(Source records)
_ _ _ _ _ _ _

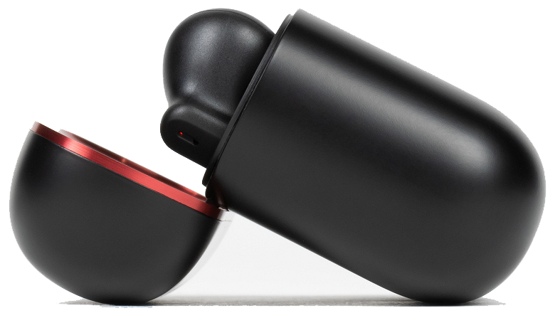 Бокс под наушники имеет базовую, обтекаемую форму черного цвета. На лицевой стороне которого можно увидеть индикатор заряда аккумулятора и гравировку с самим логотипом производителя. Интересно, что накладки не полностью черные, а с красной полоской внутри. Конечно, ее не будет видно во время использования, но расцветка красивая — и подходит под стиль кейса.
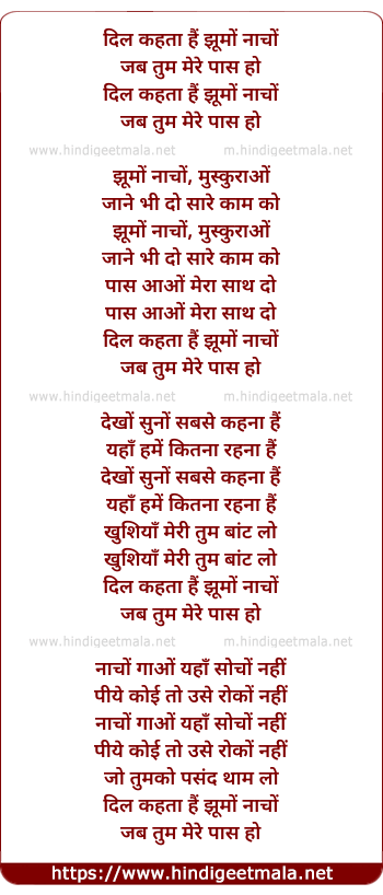 Lyrics of Dil Kehtaa Hai - दिल कहता हैं झूमों नाचों
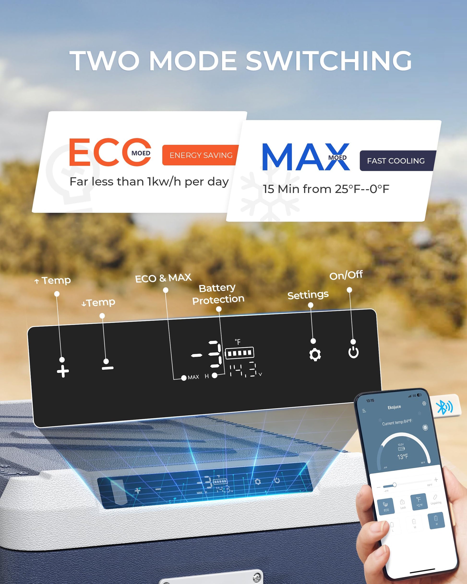 - ECO/MAX & Easy to Move: The car fridge freezer can switch between MAX mode (15-minute rapid cooling of beverages) and ECO mode, making it convenient for you to switch according to different needs. This 12v refrigerator features advanced shockproof technology, along with two foldable handles and sturdy wheels, making it convenient for you to use in dangerous terrains and freely explore
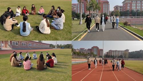 主題活動(dòng)包含繞校健步行活動(dòng)及操場趣味座談會(huì),女職工們精神飽滿、積極參與,一陣陣歡聲笑語在美麗的校園操場上響起。大家促膝圍坐,說一說自己的美好理想,談一談自己的奮斗目標(biāo),在愉快輕松的環(huán)境下分享著自己在工作與生活中的心得體會(huì)、人生感悟。
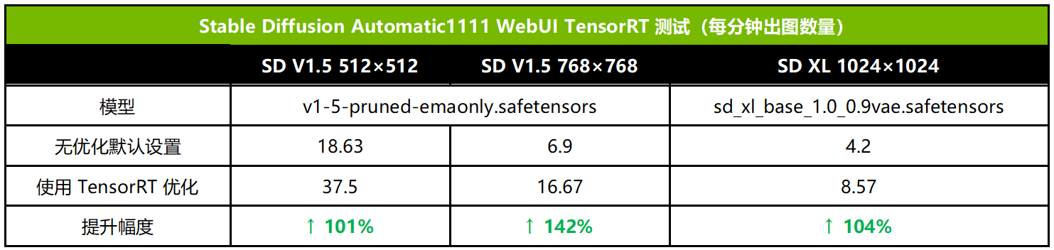 ▲在Stable Diffusion中使用NVIDIA TensorRT优化的Unet以大幅提升RTX 40 GPU的出图效率
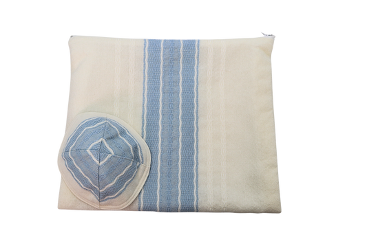 Handwoven Wool Prayer Shawl Set - White and Blue - 40" by Gabrieli
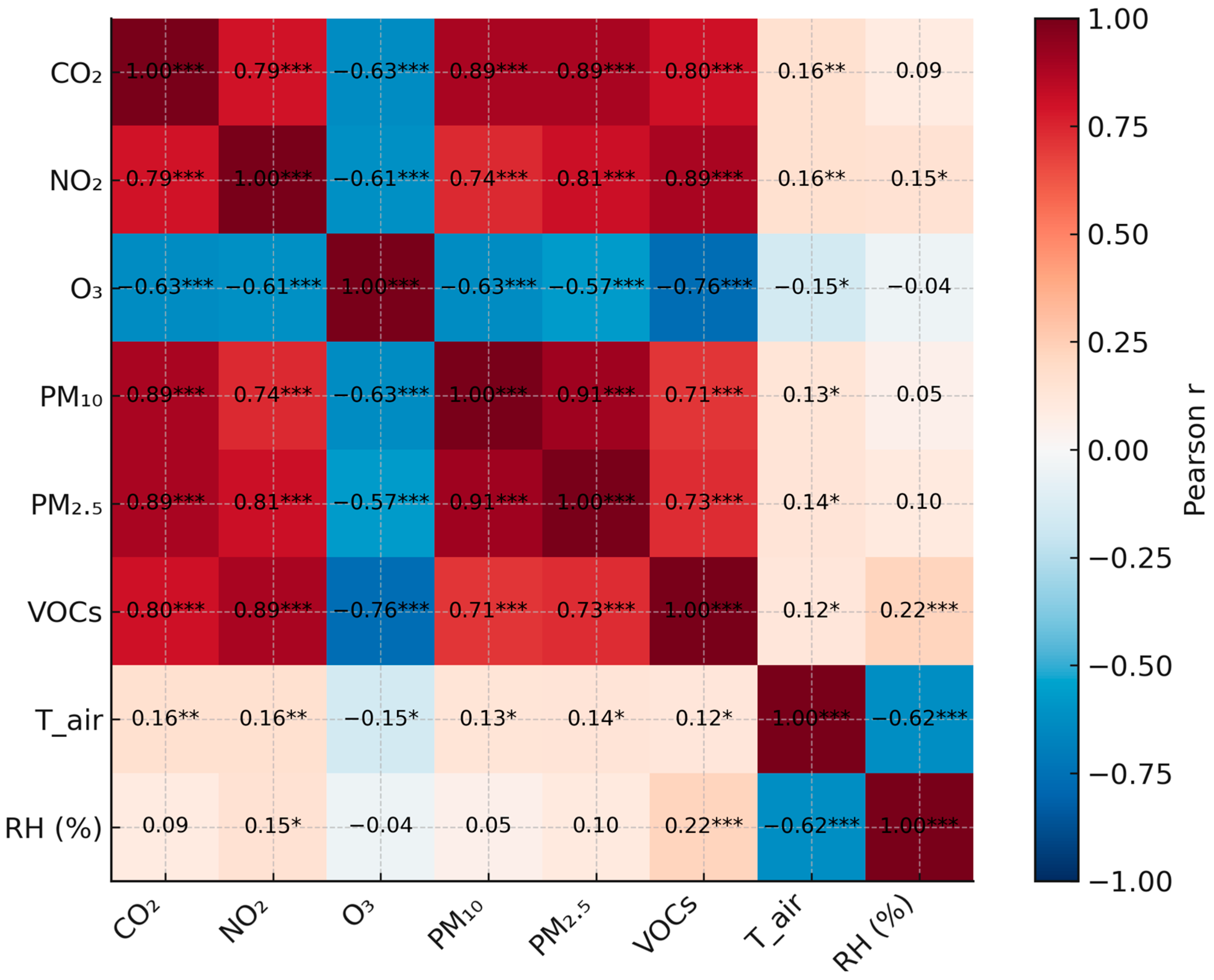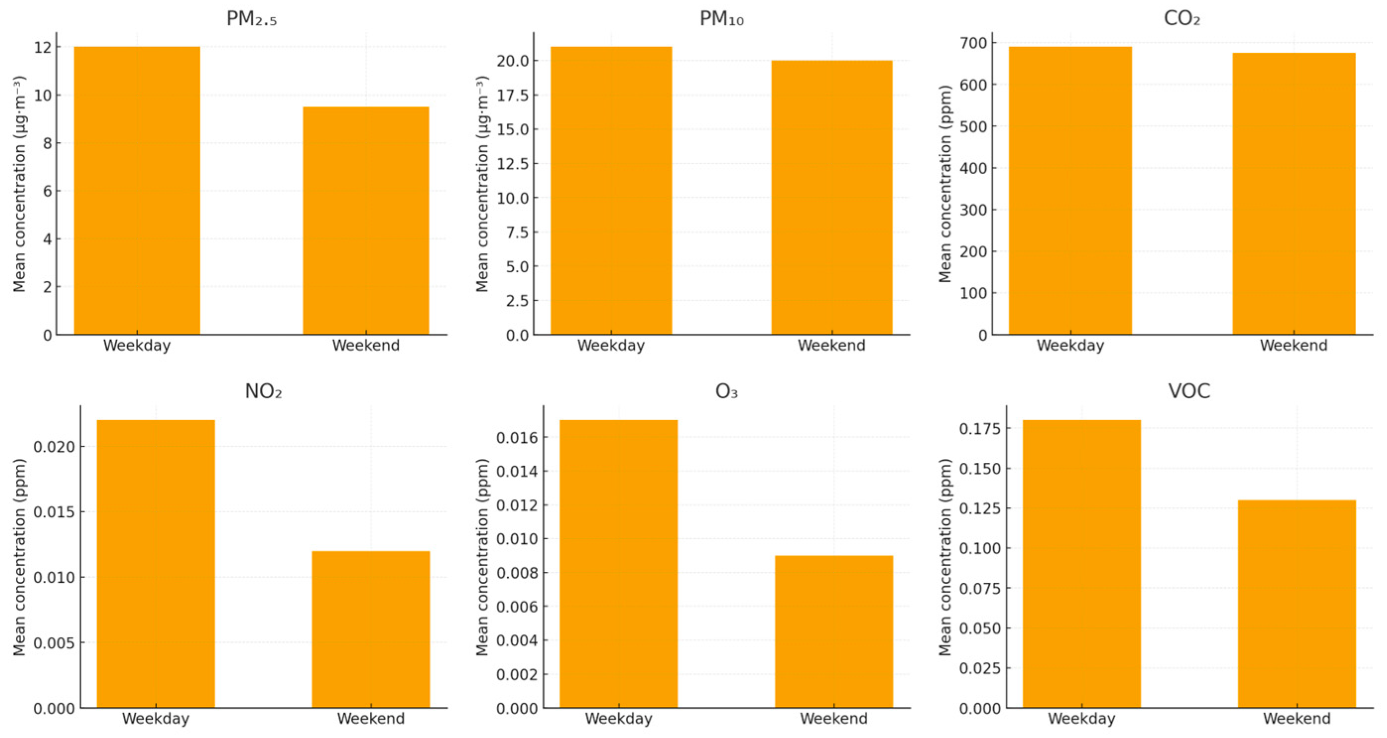 - Day-type (Weekday − Weekend): PM2.5 (µg·m−3) Δ = −2.7, p = 0.042; NO2 (ppm) Δ = −0.0098, p = 0.035; O3 (ppm) Δ = −0.0072, p = 0.040; PM10, CO2, and VOCs: n.s.
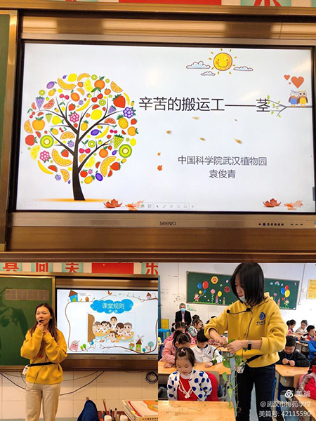 本次“生态研学进校园”活动是由武汉市公园协会主办,武汉植物园承办,将“花儿传粉的策略”“五官感受猕猴桃”等深受学生喜欢的课程送入中小学校,活动旨在围绕“自然生态”用不同主题,多种形式引导学生学习,在寓教于乐的过程中,了解自然,了解生态,从小树立正确的生态观,夯实立德树人的基础教育工作。
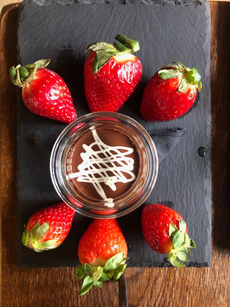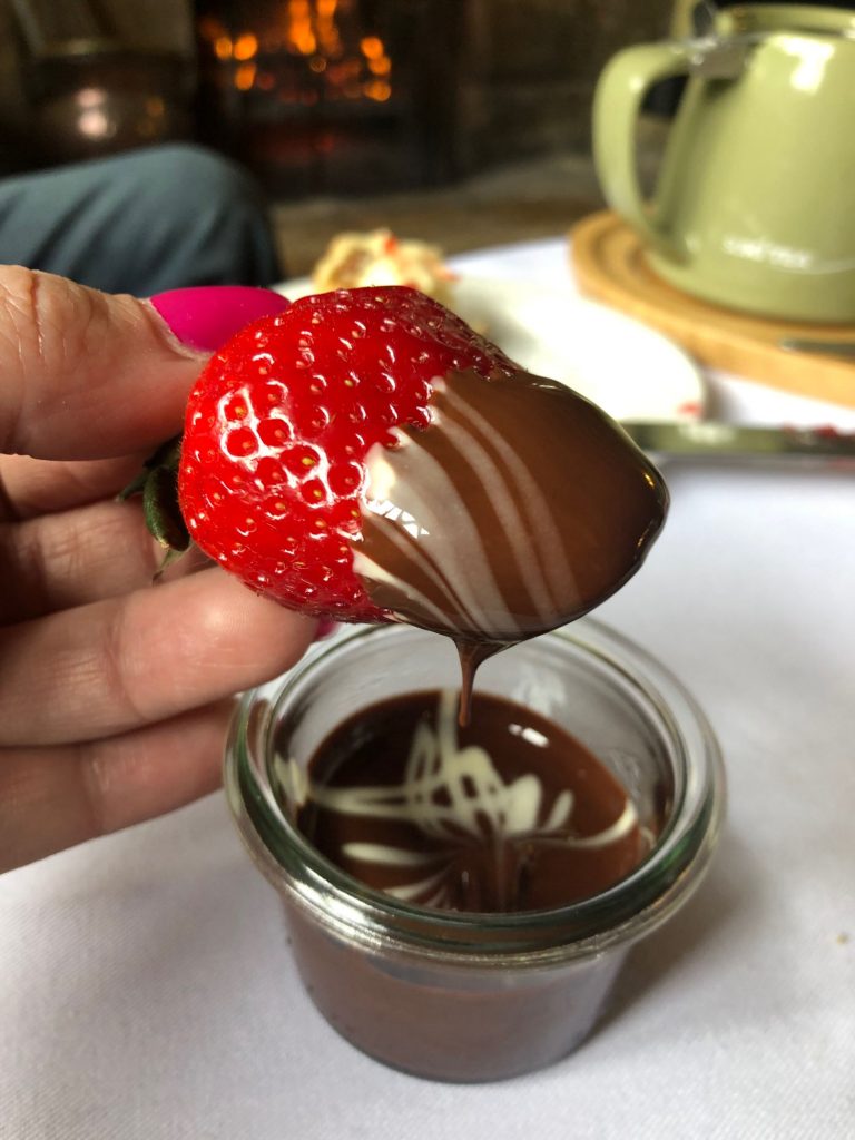 From sandwiches on the traditional scones with clotted cream and jam. A delicious tier. Then another “bonus” in the form of beautiful strawberries and chocolate to dip them in… thinking of starting a petition to have that made a staple of all afternoon teas!
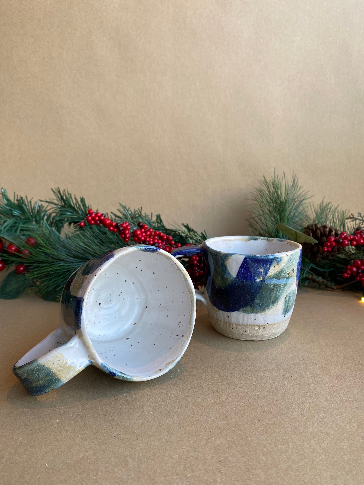 Glazed in flowing blue and green colours, using food safe and lead free glazes. Each mug is unique and will add a touch of handmade joy to your home.
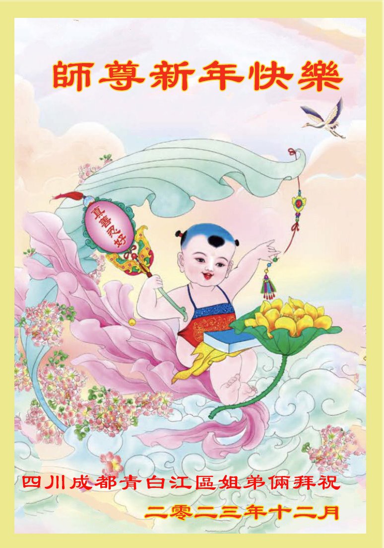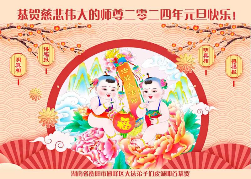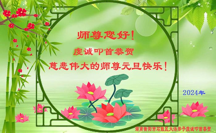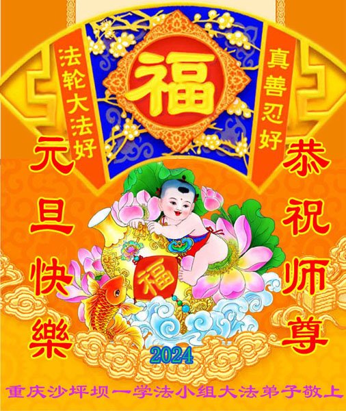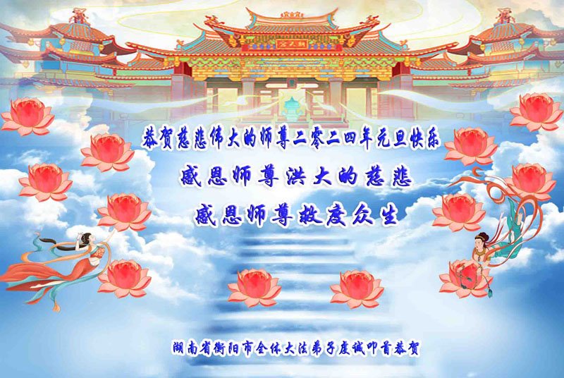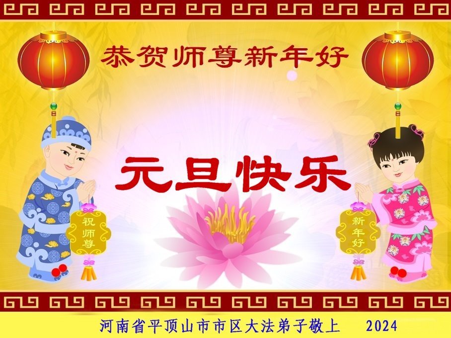 2024年元旦即将到来,弟子们怀着无比感恩的心,恭祝师父新年快乐!在新的一年里,弟子们要更加努力做好三件事,在做好上下功夫。学好法、发好正念、讲好真相,多救人。向内找,修心性,不断的锤炼、修正自己。走好走正修炼的路,兑现誓约,以报师恩!
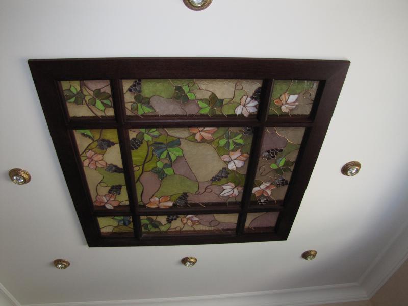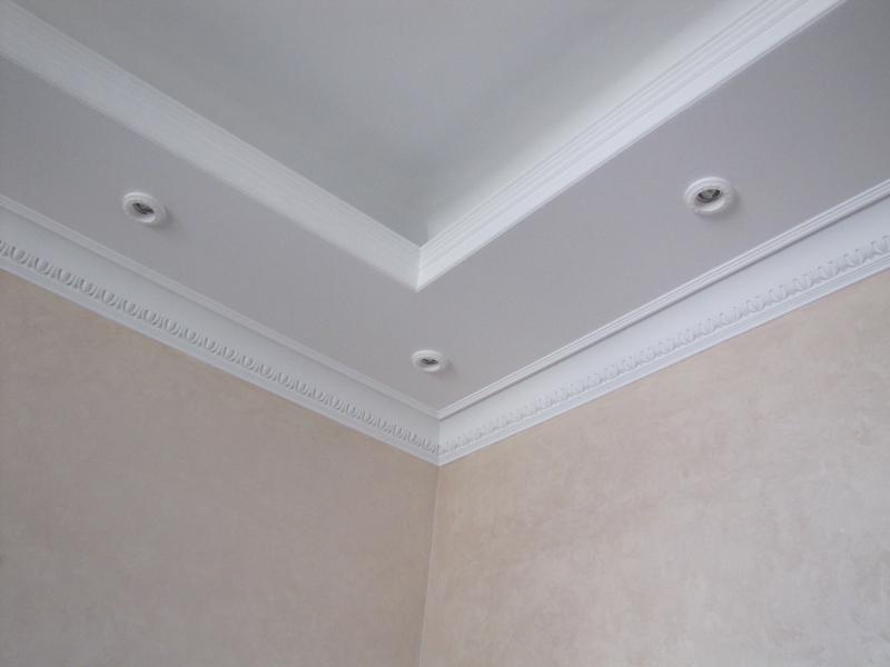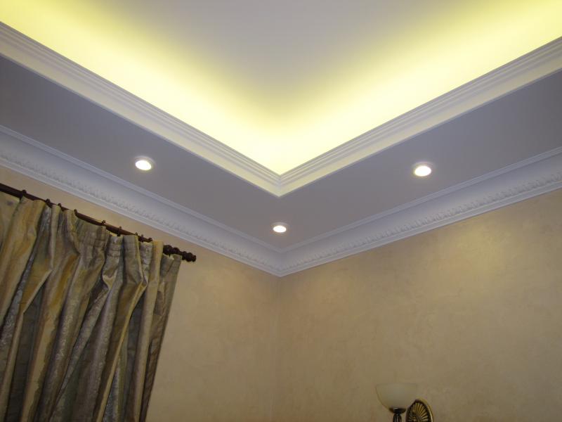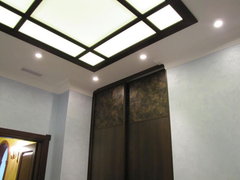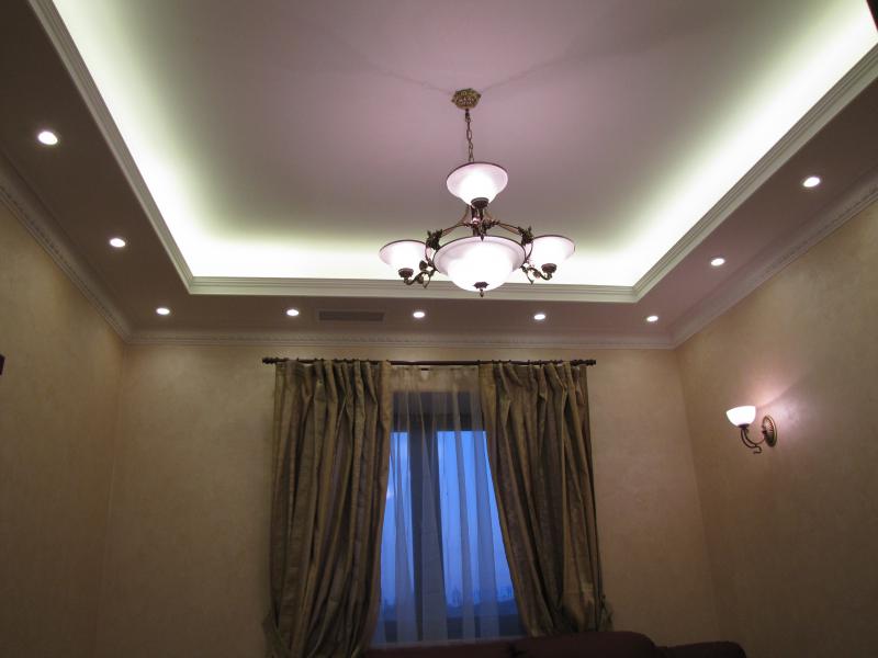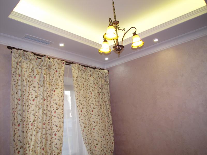 В комнатах присутствуют двухуровневые подвесные потолки с встроенными по всему периметру точечными светильниками. Они идеально сочетаются со светлыми стенами и удачно подобранным текстилем.

_ _ _ _ _ _ _

TASK INSTRUCTIONS: A word-for-word repeat of the lines from the line with "2024年元旦即将到来,弟子" to the last line of the data, both ends included and pictures left out, is all that should appear.

ANSWER FOR THIS EXERCISE:
 2024年元旦即将到来,弟子们怀着无比感恩的心,恭祝师父新年快乐!在新的一年里,弟子们要更加努力做好三件事,在做好上下功夫。学好法、发好正念、讲好真相,多救人。向内找,修心性,不断的锤炼、修正自己。走好走正修炼的路,兑现誓约,以报师恩!
 В комнатах присутствуют двухуровневые подвесные потолки с встроенными по всему периметру точечными светильниками. Они идеально сочетаются со светлыми стенами и удачно подобранным текстилем.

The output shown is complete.